Have you ever asked yourself – “Can you pay a credit card with a credit card?” The answer is “no.” However, credit card issuers don’t accept the payments from the credit card as a regular payment. Moreover, they ask you to pay by cash or cheque using your savings account. But you can do a balance transfer on a high-interest credit card.
According to the assistant Vice president of credit cards at Navy Federal Credit Union – “You are allowed to balance transfer on your existing cards to other credit cards.”
However, three methods can help you pay the credit card bill using another credit card.
Can you pay a credit card with a credit card?
- Withdraw the money from the credit card you would like to make
the payment with.
- Deposit that cash into your account.
- Now, pay the bill amount.
However, while following this method to clear your credit card bill, keep one thing in mind that credit card loans are exorbitant. So, this method might take a toll on your pocket.
You can use an e-wallet to clear your credit card bill. You can:
- Transfer the money from credit card to e-wallet.
- Now, use the e-wallet money to pay the amount.

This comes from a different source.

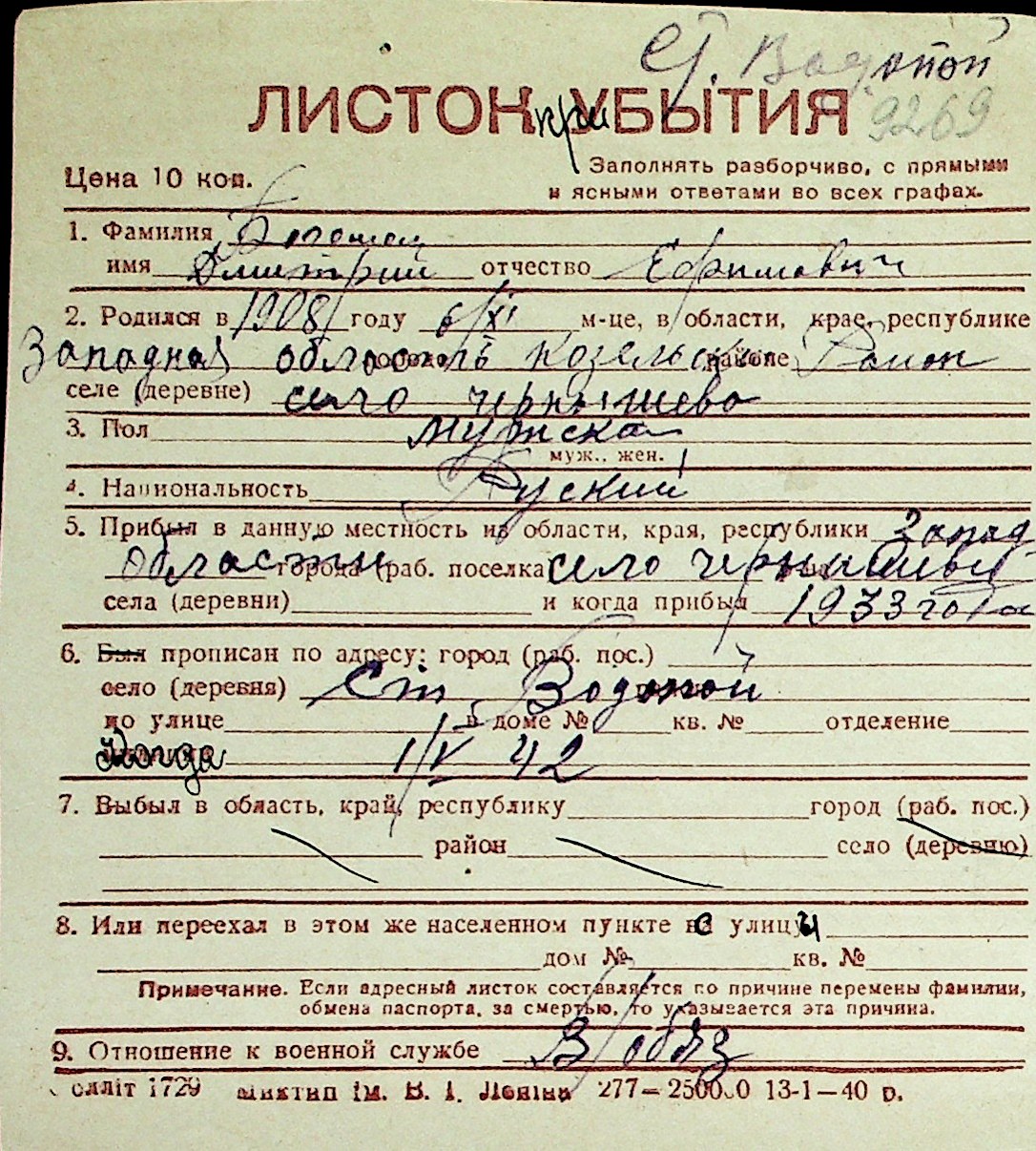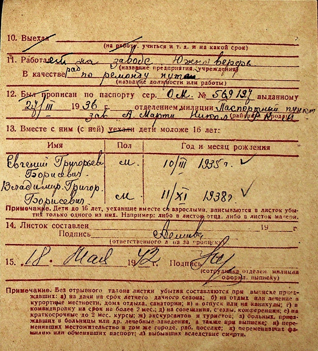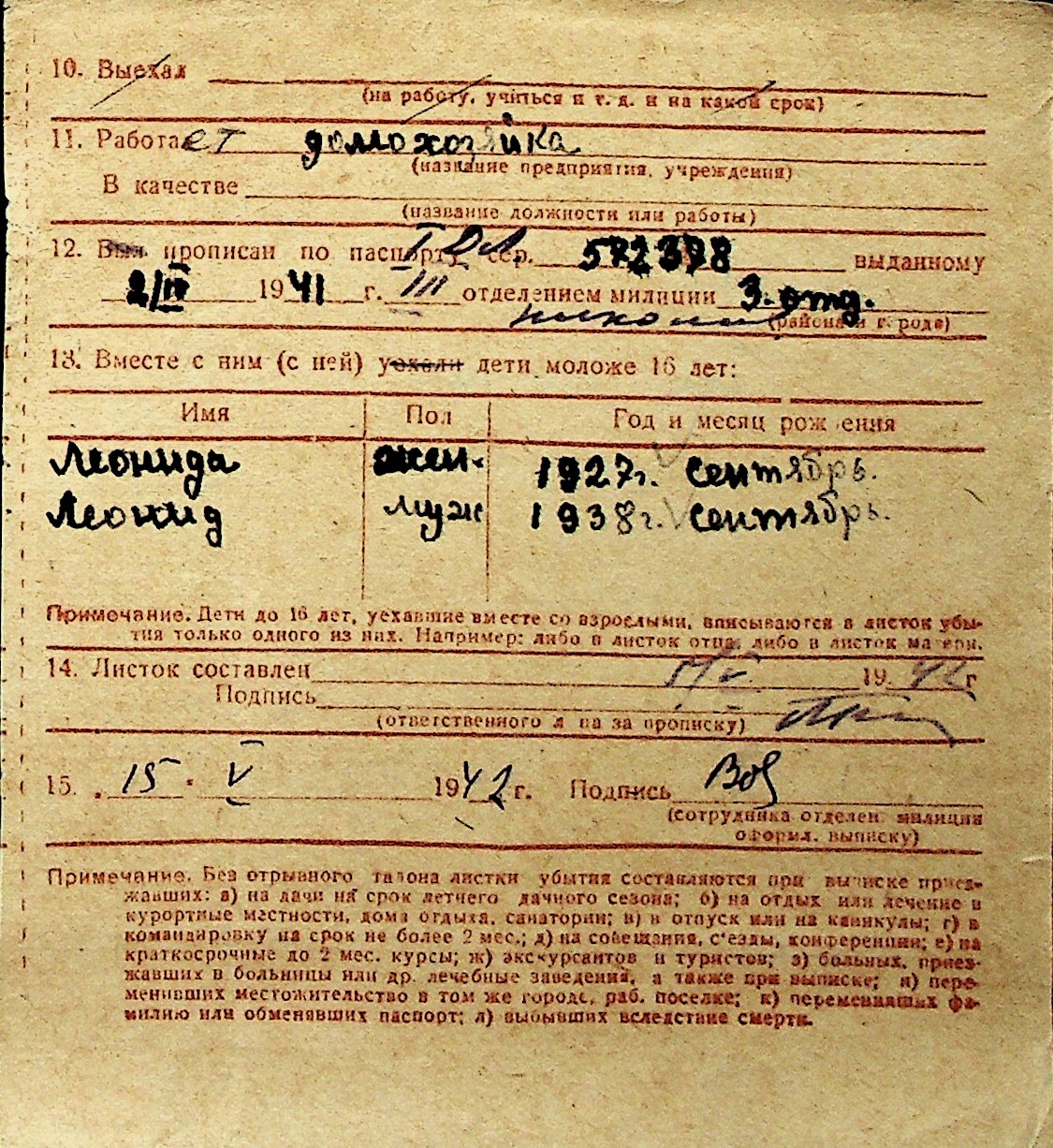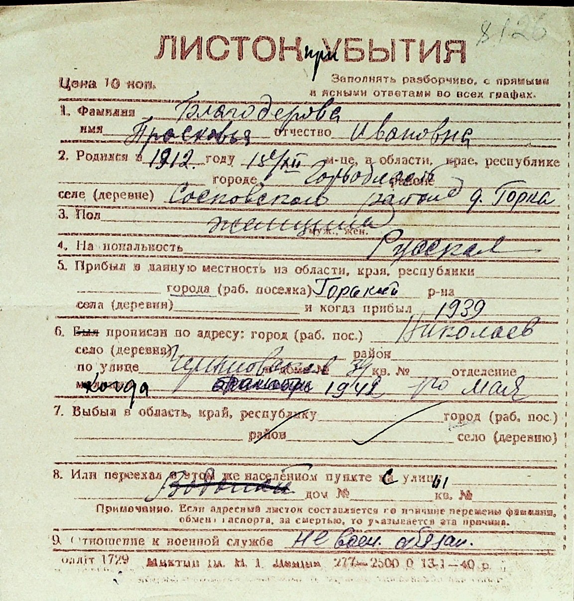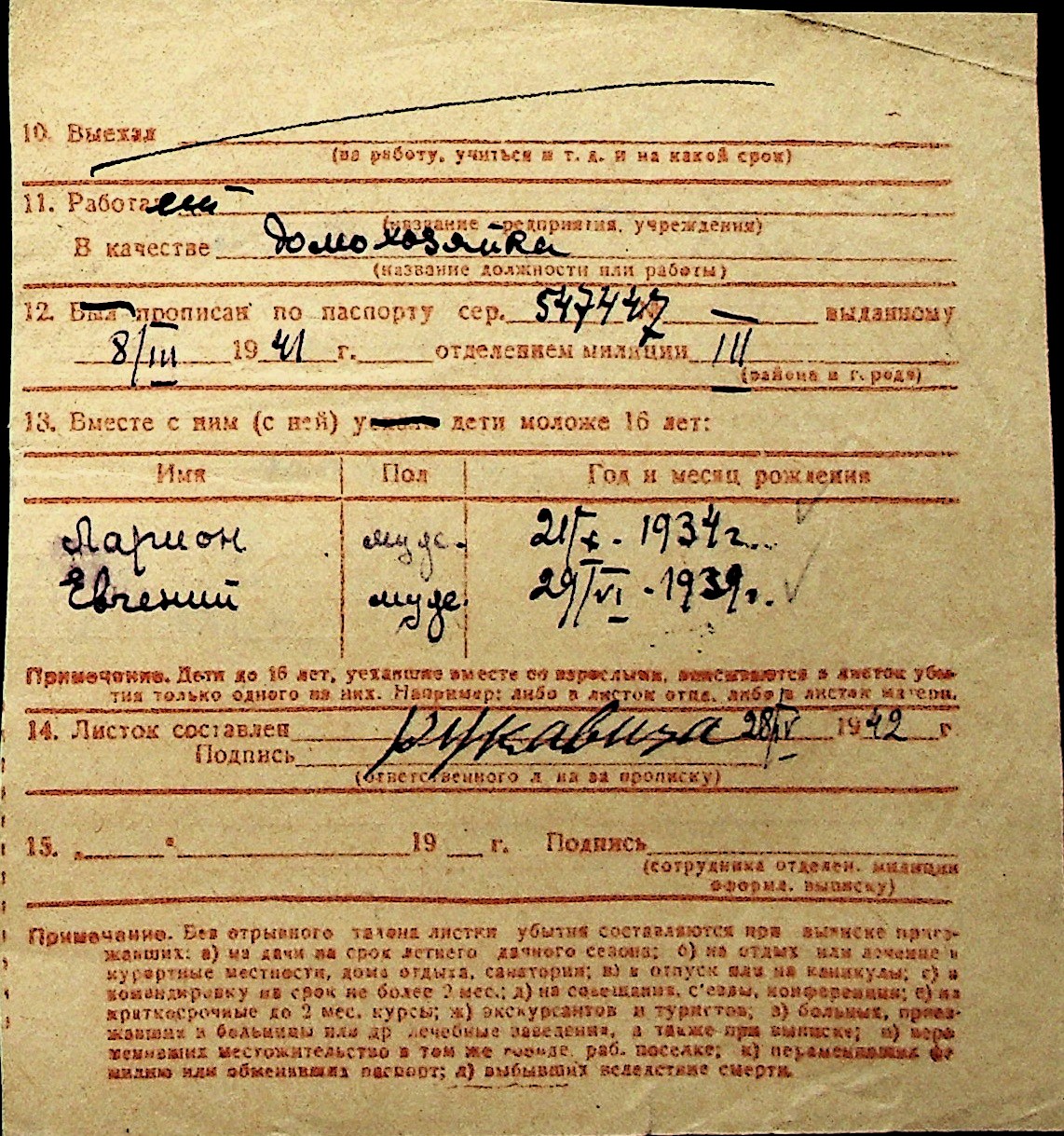 ◦ ◦ Перелік карток на осіб, які мешкали у м. Миколаїв у період окупації 1941–1944 років

By Balance Transfer method
The balance transfer is another method to pay one credit card bill from another
credit card. However, you can simply transfer the amount to another credit and clear the
payment of other credit cards. It is an easy and smooth process. You only need a credit card and get the pending bill cleared of another credit card quickly.
Besides this, the interest rate on the other credit card will be lower than the former one. Moreover, you don’t have to pay any interest on the amount during the interest-free period.
Things to know before using the Balance transfer method
However, if you are transferring the money to a lower interest card, that only makes sense. Besides this, if you apply for a balance transfer card, you may end up with a 0% interest rate.
Moreover, if you pay the balance within the promotional period, you will save money as there will be no interest rate. However, most balance transfer cards charge transfer fees. The transfer fees are 3% to 5%. For instance, if you transfer $10,000, you may have to pay $300 to $500 as the transfer fee.
Is a Balance transfer card the best option?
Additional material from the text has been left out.